The patient’s pre-morbid IQ was estimated to be in the average range of ability which seems to be commensurate with his previous level of functioning, e.g. employment history and leisure time interests. Overall, he scored within the mildly to moderately impaired range for the attention domain. His information processing speed, working memory and some executive functions were reasonably preserved with only occasional subtle deficits. The patient’s score on the Yale-Brown scale was zero which indicates the absence of a obsessive- compulsive disorder. Results from the neuropsychological screening are summarised in the table.

Functional assessment

An occupational therapy assessment was carried out to assess the patient’s performance in real life situations. The patient was completely independent with basic activities of daily living. His safety judgement outdoors was good. However, his slow cognitive processing was evident as he took a relatively long time to make decisions. Repeated assessments did not suggest evidence of impulsivity or risk-taking behaviour.


The clinical presentation of the patient reported here is consistent with hypoxic brain injury. A normal CT head scan does not exclude this diagnosis as abnormalities on CT are found in less than 12% of these patients.14 The patient fulfilled the diagnostic criteria of kleptomania.1 He stole objects that had no value to him and he frequently acknowledged that he committed the theft. His actions had no clear motives and could not be explained by antisocial behaviour or mental illness. However, the clinical features of kleptomania in this patient are different in some ways from those observed in patients with psychiatric co-morbidity.

In contrast to the previously reported cases of post-brain injury kleptomania, our patient did not have the conditions that are usually associated with this disorder, such as a history of pre-existing depressive illness, hypomania, alcohol or substance abuse or treatment with selective serotonin reuptake inhibitors.15 Furthermore, there was no evidence of obsessivecompulsive behaviour in our patient whereas such behaviour would be expected in more than 60% of cases when kleptomania is associated with mental illness.16

The phenomenology and course of symptoms in the patient reported here are also different from those reported in psychiatric patients.
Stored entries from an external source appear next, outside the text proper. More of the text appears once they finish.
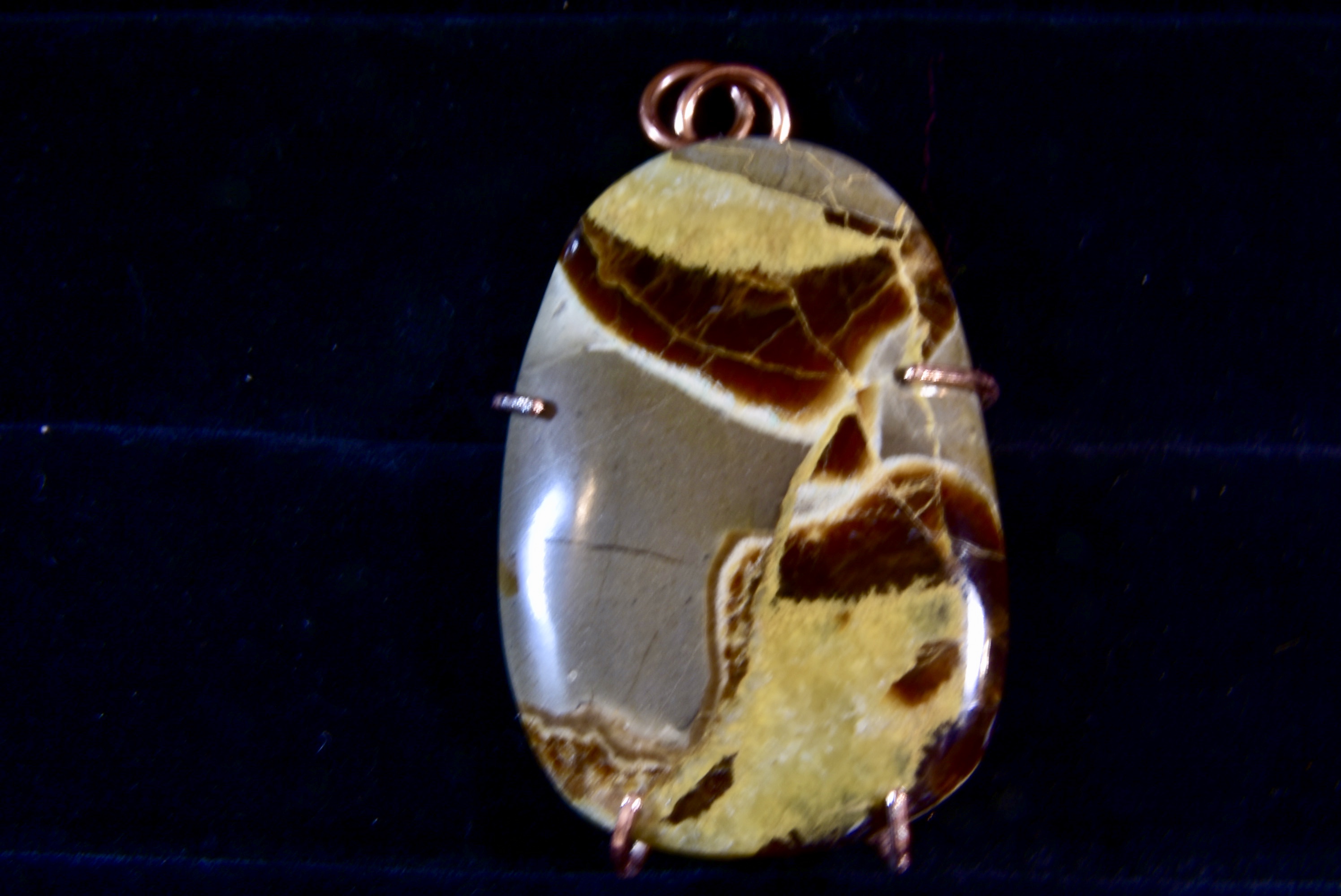 Jake found the raw stone that produced this piece while out in Utah which produced some great Septarian nodules. These nodules are sometimes called “dragon eggs” because they are shaped like an egg and have a pattern that looks like dragon scales. Despite that, Septarian is thought to be a calming stone that helps to ground you in stressful times. This stone has dark brown sections mixed with grey and yellow and is set using copper square wire framing the back, with prongs to hold the stone in place.
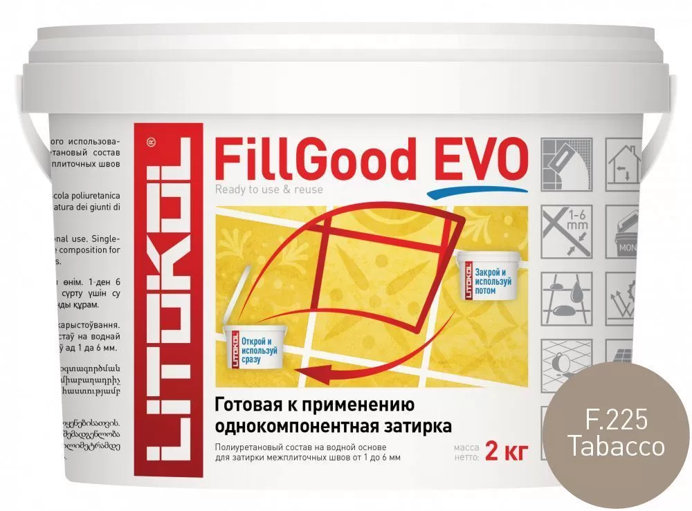 Litokol FillGood EVO F.225 Tabacco 2 кг - готовый к применению инновационный однокомпонентный полиуретановый состав на водной основе для затирки швов керамической плитки, керамогранита и стеклянной мозаики шириной от 1 до 6 мм с водоотталкивающим эффектом.
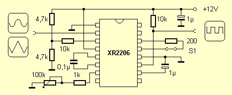 Das preiswerte IC XR2206 ermöglicht einen sehr einfachen Funktionsgenerator
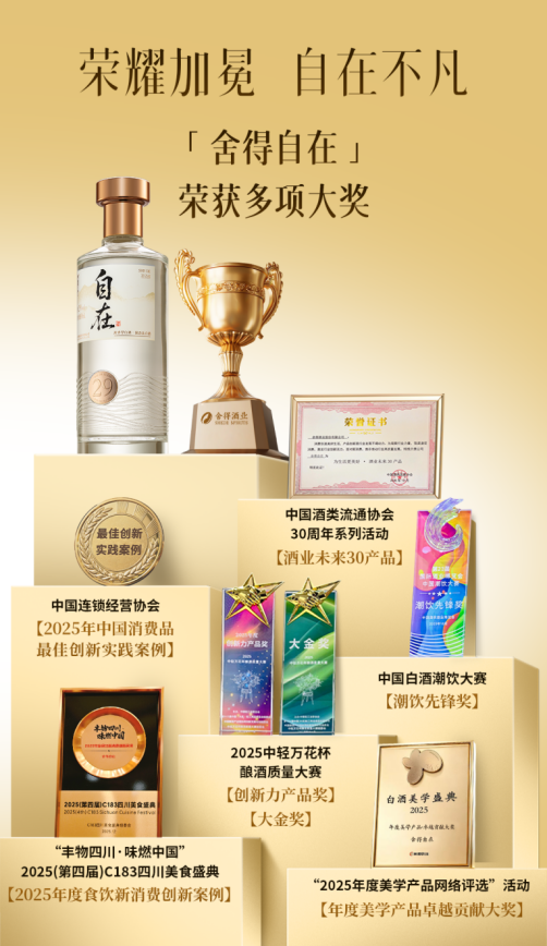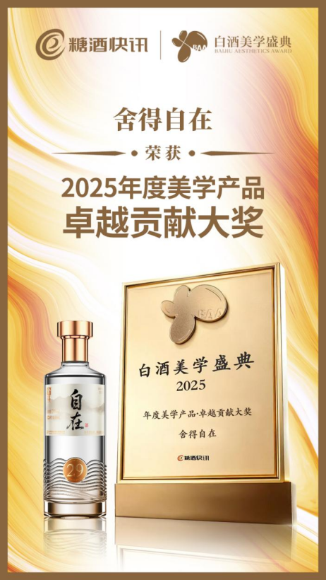 市场与行业也对舍得自在给予高度认可。11月20日,产品获中国轻工业联合会颁发的“2025中轻万花杯酿酒质量大赛大金奖”与“创新力产品奖”,彰显其卓越酒体品质。此前,在由糖酒快讯联合多家机构共同发起的“2025年度美学产品网络评选”中,舍得自在摘得“2025年度美学产品卓越贡献大奖”,体现了其在酒体品质、包装设计和文化表达上的全方位美学升级,为白酒行业发展注入了新活力与想象空间。
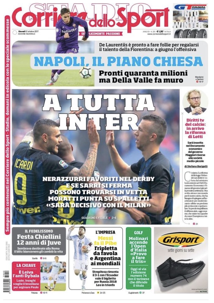 “A tutta Inter”, i nerazzurri per il Corriere dello Sport sono i favoriti nel derby di Milano e se il Napoli si ferma, possono ritrovarsi in vetta. In alto spazio al calciomercato con il Napoli che ha pronto un piano per raggiungere Chiesa, pronti quaranta milioni di euro per il giovane viola, ma Della Valle fa muro. In basso invece la sfida tra Juventus e Lazio, con chiellini che festeggia i 12 anni con la Juventus, mentre Inzaghi punta su Leiva per arginare Dybala.
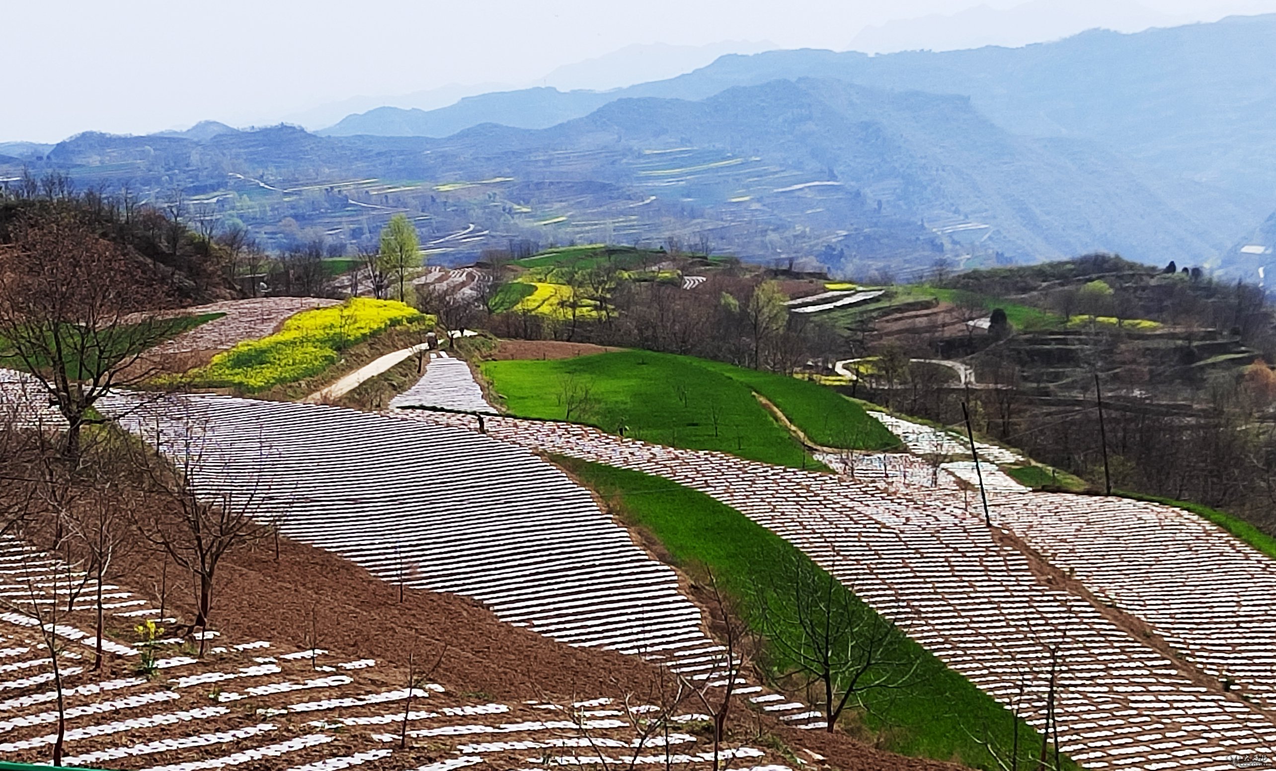 阳光的照射下,铺设好的地膜宛若一个个“春天的指纹”,银白的地膜、黄色的土地、翠绿的青山交相辉映,生机勃勃的美丽乡村景象尽收眼底。而在一年前,由于村里的年轻劳动力大多选择外出务工,眼前这片充满生机的土地还普遍存在土地撂荒的现象。
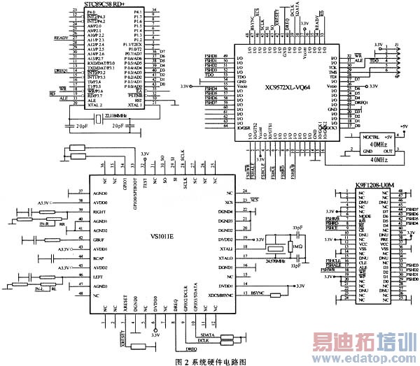 CPLD是微控制器、Flash和MP3之间的中介,负责逻辑控制和数据传递。CPLD电路采用Xilinx公司的XC9572-VQ64。XC9572-VQ64具有72个宏单元、1 600个可用门电路、52个I/O端口,具有低至2.5 V供电电源,可在线编程等特性。J1用于ISP下载。晶体振荡器采用40 MHz。
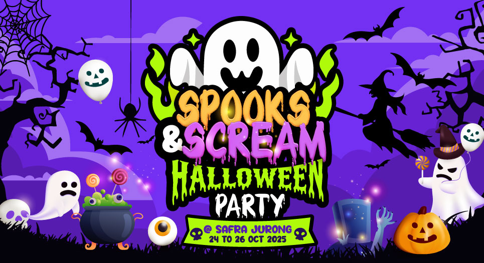 Get ready for a wickedly fun night of spooks and screams! From thrilling games and creepy treats to chilling performances and costume contests, there’s frightful fun for everyone at Spooks & Screams: Halloween Party at SAFRA Jurong!
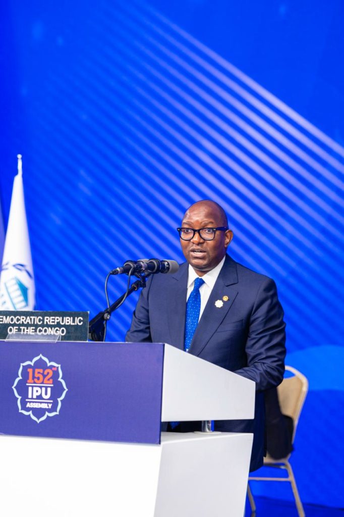 « Si nous voulons léguer aux générations futures un monde plus pacifique, plus juste et durable, c’est maintenant que nous devons agir. C’est ainsi que le Parlement de la RDC s’engage dans l’accompagnement des processus de paix menés par le Gouvernement sous la houlette de Son Excellence Félix Antoine TSHISEKEDI TSHILOMBO, Président de la République, notamment l’Accord de Washington signé entre le Rwanda et la RDC pour mettre fin à l’instabilité chronique dans sa partie Est alimentée par l’exploitation illicite des ressources naturelles », a-t-il souligné.
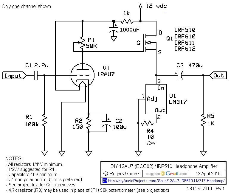 Nem tudom minek sorosan keresztülvezetni a csőfűtést az 1K előtét ellenálláson - azt hiszem csak figyelmetlen volt aki rajzolta. A csőfűtést tedd direkt a 12V-ra. A Fet-re menő 12V-ról pedig ahogyan rajzolták, egy 1K ellenálláson keresztül egy szűrő kondenzátorral simítva kínáld meg a cső anódját.
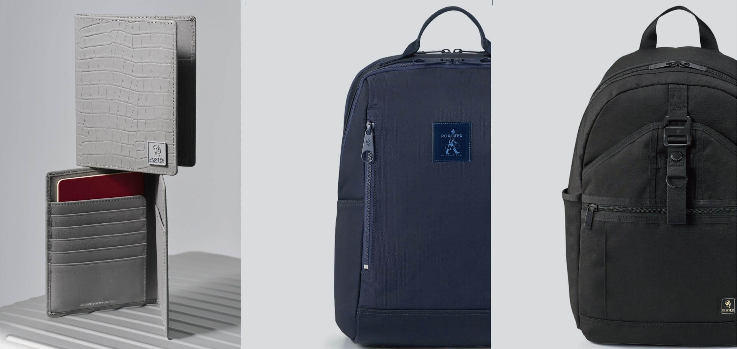(由左至右)NOBLE真皮護照夾、ZEST雙層後背包、ULTRA後背包 by PORTER INTERNATIONAL。
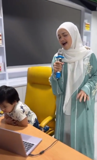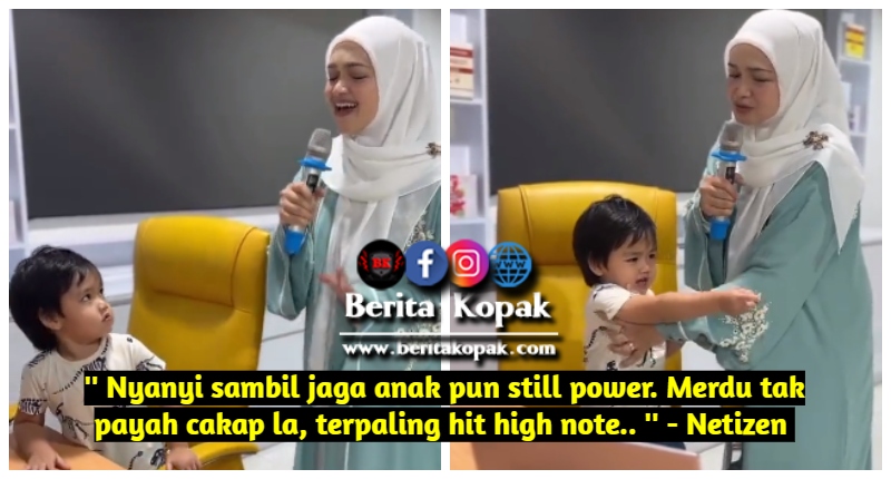 ” Nyanyi sambil jaga anak pun still power. Merdu tak payah cakap la, terpaling hit high note.. ” – Netizen

Significantly, the patient did not report a sense of irresistible urge to steal or gratification or relief that is usually followed by a sense of guilt after the theft was committed. These are core features of kleptomania in psychiatric patients. In addition, on some occasions he denied the theft which could be due poor short term memory.17 On other occasions the patient offered rationalisations to justify the theft by saying that he took things “that other people no longer needed”. In addition, the typical course of kleptomania in those with mental illness is that the theft is repeated over a long period of time and usually does not stop without therapy interventions. This contrasts with the short course and spontaneous recovery in our patient.

The reasons for the above-reported differences in the phenomenology of kleptomania in our patient and that in psychiatric patients is not clear. A possible explanation is the severity and extent of the lesion. Extensive damage to the fronto-orbital lobes and the caudate nucleus and disruption of dopaminergic neurotransmission have been demonstrated in cases of persistent ICDs18,19 and the location and extent of damage to these structures appear to correlate with antisocial behaviour, decision-making deficits and risk-taking.20 The mild and transient cognitive deficits in our patient and the normal CT head scan suggest limited brain damage. Further observations are required to elucidate the aetio-pathogenesis of kleptomania following brain injury.